Çok iyi gözlemlediğim bir dönemdir: Bir dönemler intihar haberleri vardı her gece televizyonlarda, ilk kim başlattı anımsamıyorum, ancak bir süre sonra her gün birkaç intihar eylemine tanık olur hale gelmiştik, sıkıntısı olan ya köprüye gidiyor, ya dama çıkıyordu, ancak en önemlisi hem televizyona çıkıyorlar, hem de işsizler iş, terk edilenler eşlerine kavuşuyordu.

Çocuktur anlamaz sanılan nesilde gerçekleşen intihar vakaları sayısal açıdan bir önceki nesle göre çok yüksektir!

İntihar, maalesef, bir alternatif olarak onların beyinlerinde yer etmiştir!...

Velhasıl R.’nin talihsizliği elbette devam etmektedir, cezai ehliyeti olmasa dahi, hukuksal bir cezaya tabi tutulmasa dahi, yaşamı boyunca taşıyacağı kanaması dinmez bir yaradır artık, ki zaten yaralı yüreği bu yarayı nasıl ve nereye kadar taşır, bilinmez…

Aile bireyleri intikam alır mı, R’nin durum öncesi kollarına attığı jiletler bu yarayla damarlara kadar varır mı?

R.’ye ciddi anlamda psikolojik destek sağlanır mı?

Zaman zaman çok daraldığımızda “neden dünyaya geldim ki ben?”sorusunu eminim ki R epey bir kendine sormaya başlamıştır yıllar öncesinden, bugün de soruyordur, daha da çok soracaktır…

Maalesef…

Maalesef altı çocuk annesi bir kadın da istemezdi böyle bir sonu, bir deşsek kim bilir kırk yaşını henüz tamamlamayan rahmetli Songül A.’nın da ne travmaları vardır yaşamında, belki o da okumak istemiş, aile okul yerine kocaya vermişti!
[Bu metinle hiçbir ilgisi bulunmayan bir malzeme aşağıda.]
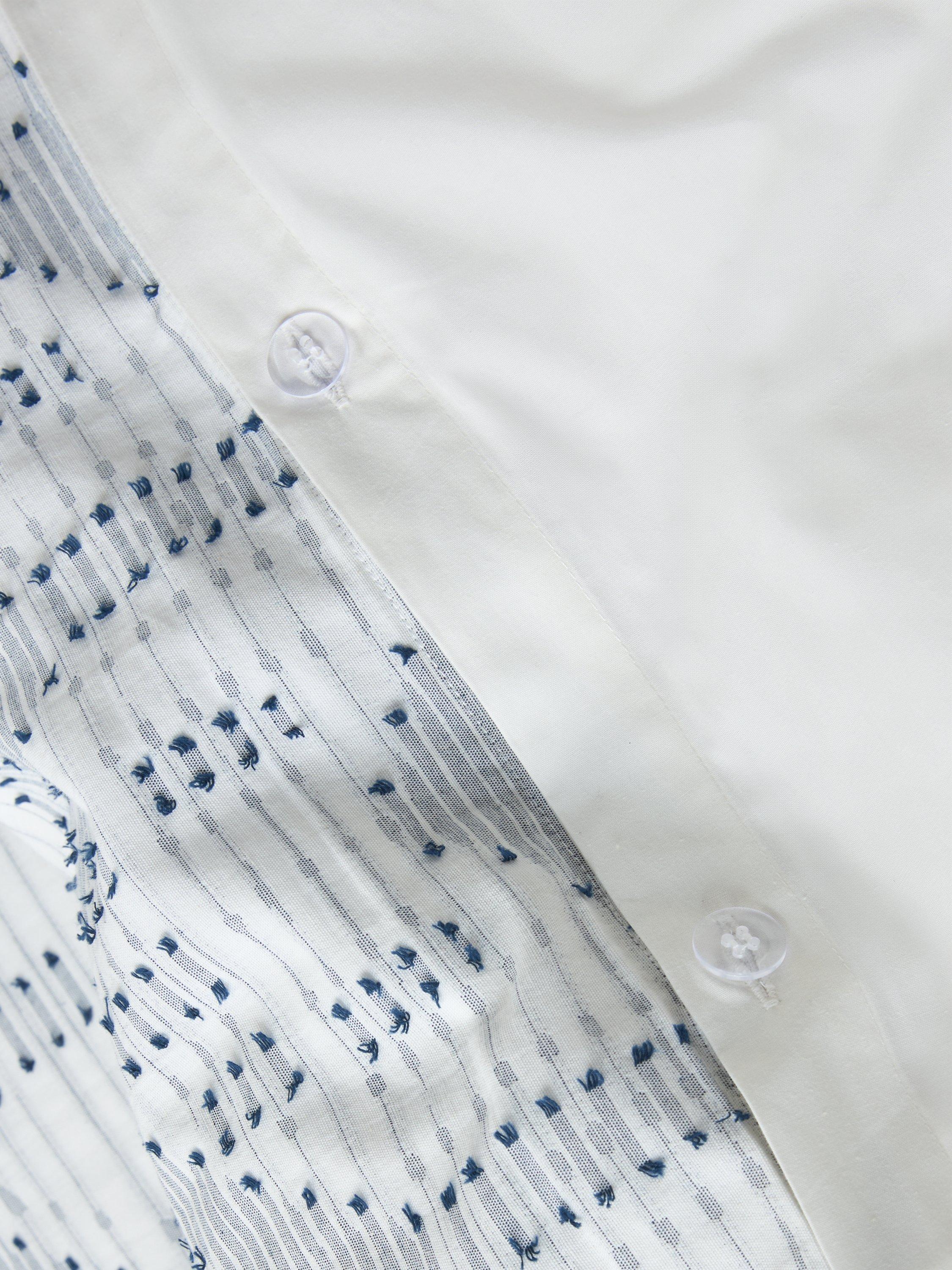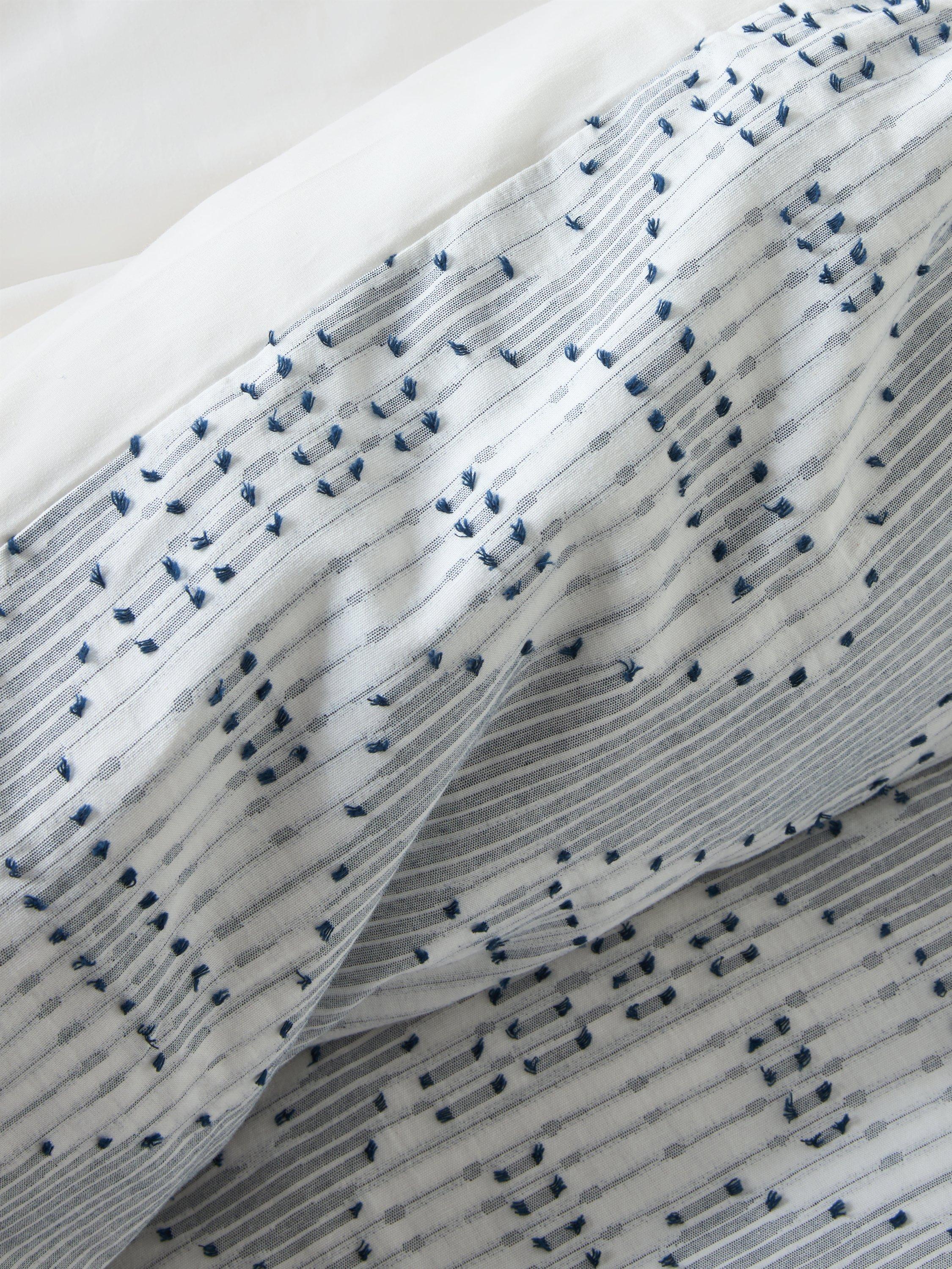 A fresh and relaxed design with a blue Ikat weave on a white background and plain reverse. The cool colourway lends itself well to accessorisation with bright pops of colour.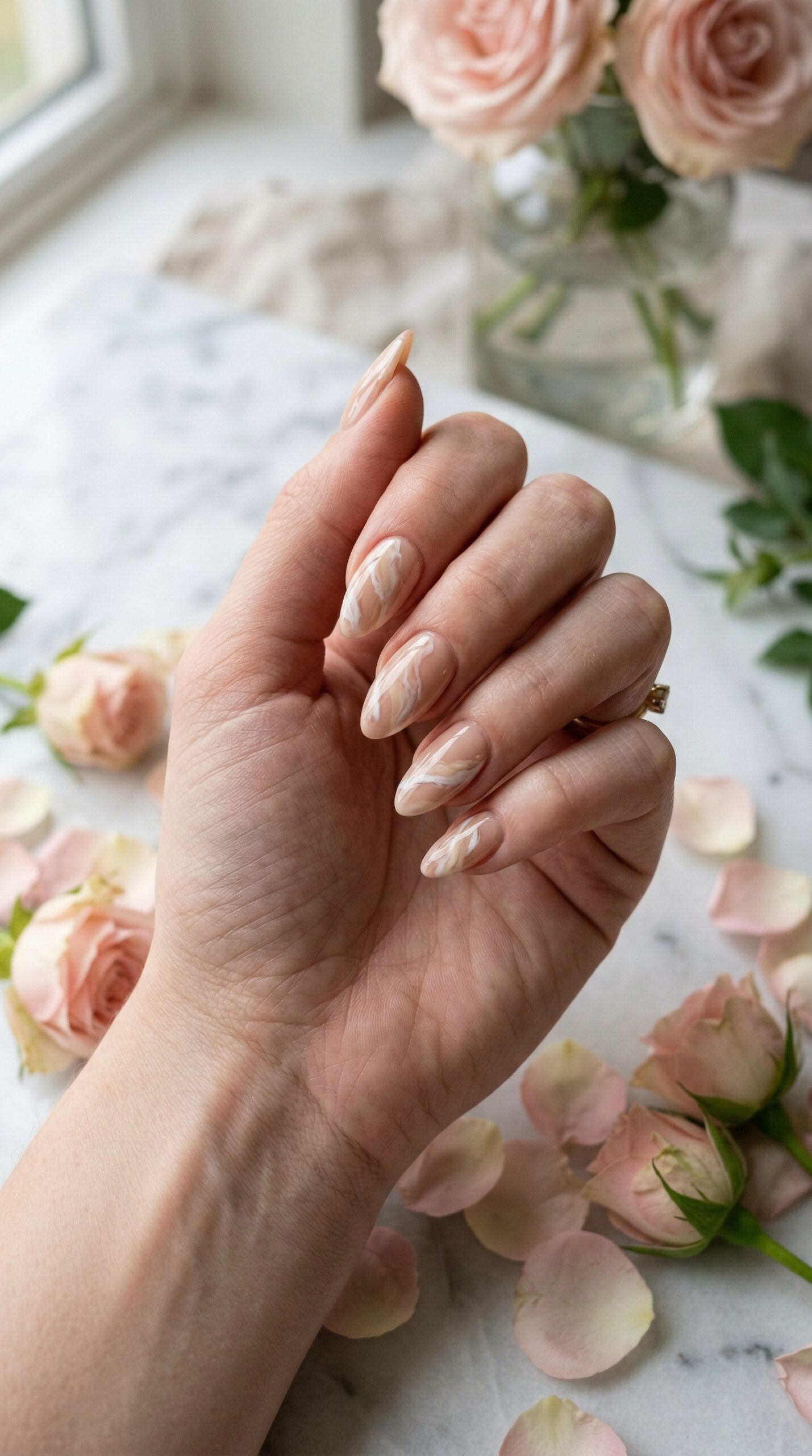 Swirling marble patterns add depth. Neutral tones keep it elegant.

Belki o da özgür giyinmek istemiş, günah denilerek çarşaflara girmişti!

Cehaleti Songül’de tercih etmemişti belki, kim bilir?

Okul eksikliğinden kaynaklanan tam anlamıyla cehalet değil benim için hiçbir zaman, beyin ve yüreğin aynı zamanda paslı çivilerle zincirlenmesi cehaletin tam olarak bendeki karşılığı!

R.A. ve Songül A, ne ilk ne de son kurbanlarıdır cehaletin, maalesef…

Gülgün Karaoğlu

Haziran,09/09

 
Toplam blog
: 1269
: 1343
Kayıt tarihi
: 18.09.07
 
 

İzmir, 1963 doğumluyum. Dokuz Eylül Üniversitesi İngilizce bölümü mezunuyum ve özel bir şirkette ..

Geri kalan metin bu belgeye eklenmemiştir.